Our proposal: MDE-DSCC-LMM

In this section, we will introduce the details of our proposal. Our proposal consists of two stages: decomposition and optimization. In the decomposition, we divide the decision variables into sub-problems with our proposal: LMM, and in the optimization, MDE-DS is employed as a basic optimizer to optimize the sub-problems. Next, the concrete procedures of decomposition and optimization will be explained.

Decomposition: LMM

First, we provide the flowchart of our proposal in decomposition: LMM. The flowchart is shown in Fig. 3.

Fig. 3
figure 3

The flowchart of decomposition (LMM)

The basic idea is that we regard the decomposition problem as a combinatorial optimization problem and design the LMF based on LINC-R to lead the direction of searching for a better decomposition solution.
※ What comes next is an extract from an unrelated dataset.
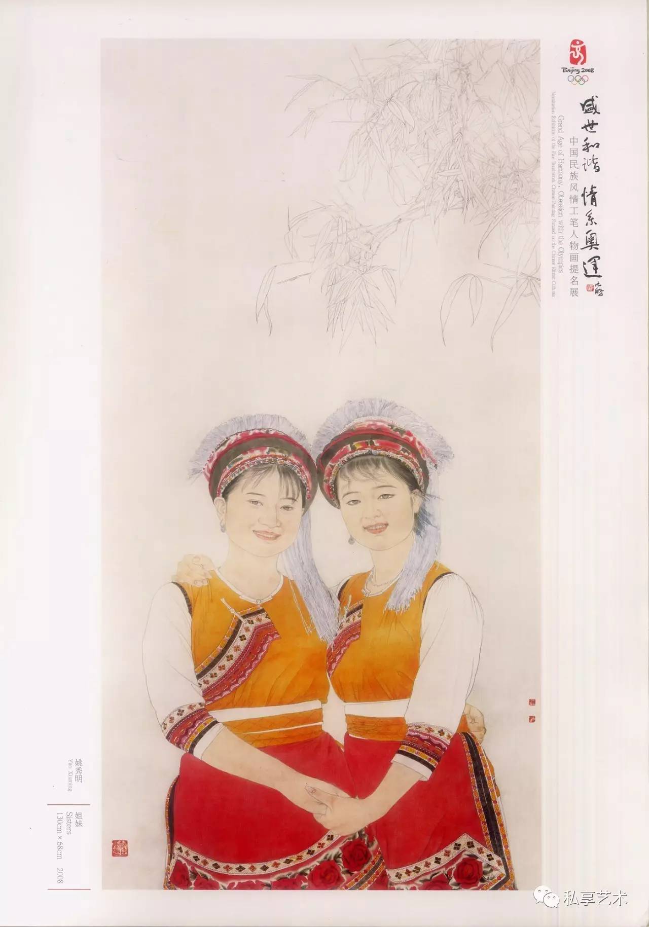 《姐妹》 130×68cm 参加“盛世和谐,情系奥运中国民族风情工笔人物画提名展”

The specific derivation of LMF is as follows.

The original LINC-R is defined as Eq. (11)

$$\begin{aligned} \begin{aligned}&\exists s\in {\text {Pop:}}\\&\quad {\text {if}} \ |(f(s_{ij})-f(s_{j})) - (f(s_{i})-f(s)) |> \varepsilon \\&\quad {\text {then}} \ x_{i} \ {\text {and}} \ x_{j} \ {\text {are nonseparable}} \end{aligned}, \end{aligned}$$
(11)

where the size of Pop is m, FEs consumed in a pair of variables based on Pop is 4m, and the interaction between every pair of variables is identified in LINC-R. Thus, in the \(n-\)D problem, the necessary FEs is \(2mn(n+1)\), which is unaffordable for LSOPs. Many studies [18, 24, 51] only detect the interactions by calculating the fitness difference from the lower bound of search space to the upper bound to save the FEs in decomposition, and we adopt the same strategy in our proposal, although it is not so robust and may fail to detect the interactions in trap functions [52].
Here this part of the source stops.